Sunday, February 14, 2016

HIV contains copycat protein

HIV is a smart virus. It is also a copycat. It is smart because it actively evades detection so that it can cause AIDS by hijacking the body's immune cells. 
Researchers have deciphered how a small protein made by the Human Immunodeficiency Virus (HIV) that causes AIDS manipulates human genes to further its deadly agenda. 
Scientists have  long known that HIV  transforms ing them into HIV factories and killing other immune cells that normally fight disease. HIV also hides in cells and continues to undermine the host's immune system despite antiretroviral therapy that has improved the outlook of those with AIDS.
The findings, published in the online journal eLife, could aid in the search for new or improved treatments for patients with AIDS, or to the development of preventive strategies.
"We have identified the molecular mechanisms by which the Tat protein made by HIV interacts with the host cell to activate or repress several hundred human genes," said Dr. Iván D'Orso, Assistant Professor of Microbiology at UT Southwestern and senior author of the study. "The findings clearly suggest that blocking Tat activity may be of therapeutic value to HIV patients."
It has long been known that HIV causes AIDS by hijacking the body's immune cells, transforming them into HIV factories and killing other immune cells that normally fight disease. HIV also hides in cells and continues to undermine the host's immune system despite antiretroviral therapy that has improved the outlook of those with AIDS.

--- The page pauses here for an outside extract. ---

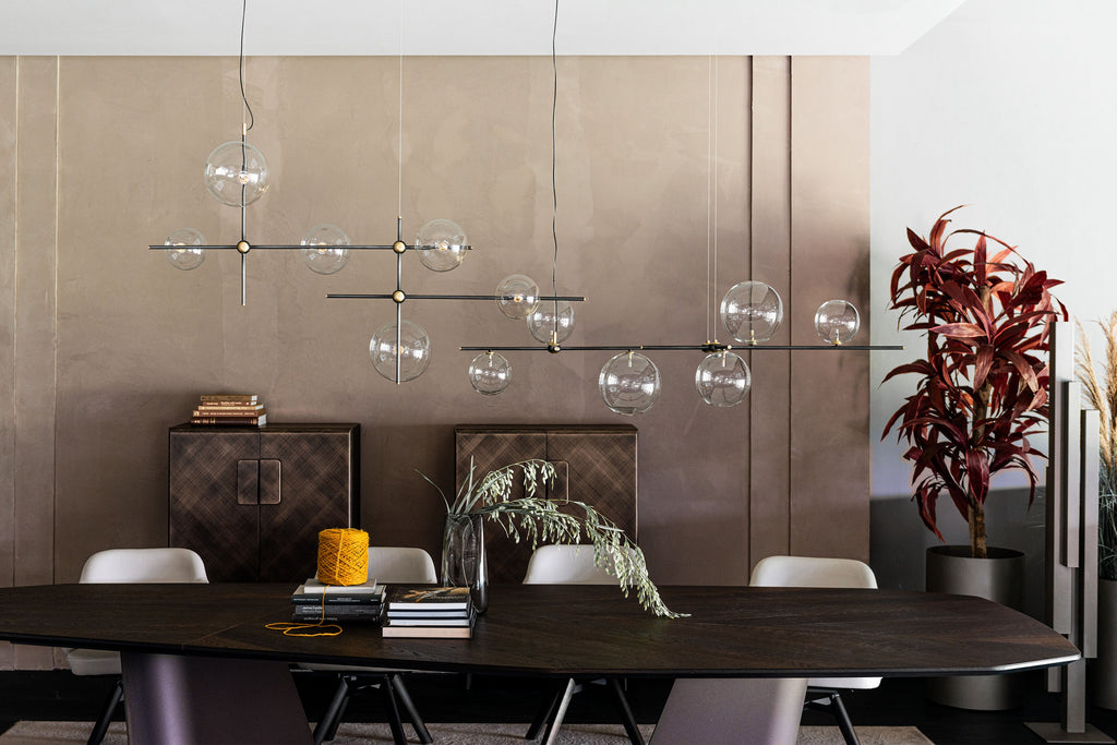 The Cattelan Italia Bloom Chandelier is a poetic modern light fixture inspired by nature’s organic growth. Designed as a delicate cluster of slender metallic branches, Bloom "blooms" into six large transparent crystal spheres, sparkling like ripe fruit under sunlight. With brushed brass connectors that double as decorative accents, this elegant chandelier brings a touch of refined Italian craftsmanship to contemporary interiors. For added versatility, multiple Bloom chandeliers can be combined to create a modular, repeating composition.

The latest data from the Centers for Disease Control and Prevention (CDC), in 2012, estimated 1.2 million Americans were living with HIV, including 156,300 whose infections had not been diagnosed. About 50,000 people in the U.S. are newly infected with HIV annually, the CDC projects. In 2013, the CDC estimated that over 26,000 Americans had the advanced form of HIV infection, AIDS.
Like all retroviruses, HIV has very few genes of its own and must take over the host's cellular machinery in order to propagate and spread throughout the body. Although the broad aspects of that cellular hijacking were known, the nuances remain to be explored, Dr. D'Orso said.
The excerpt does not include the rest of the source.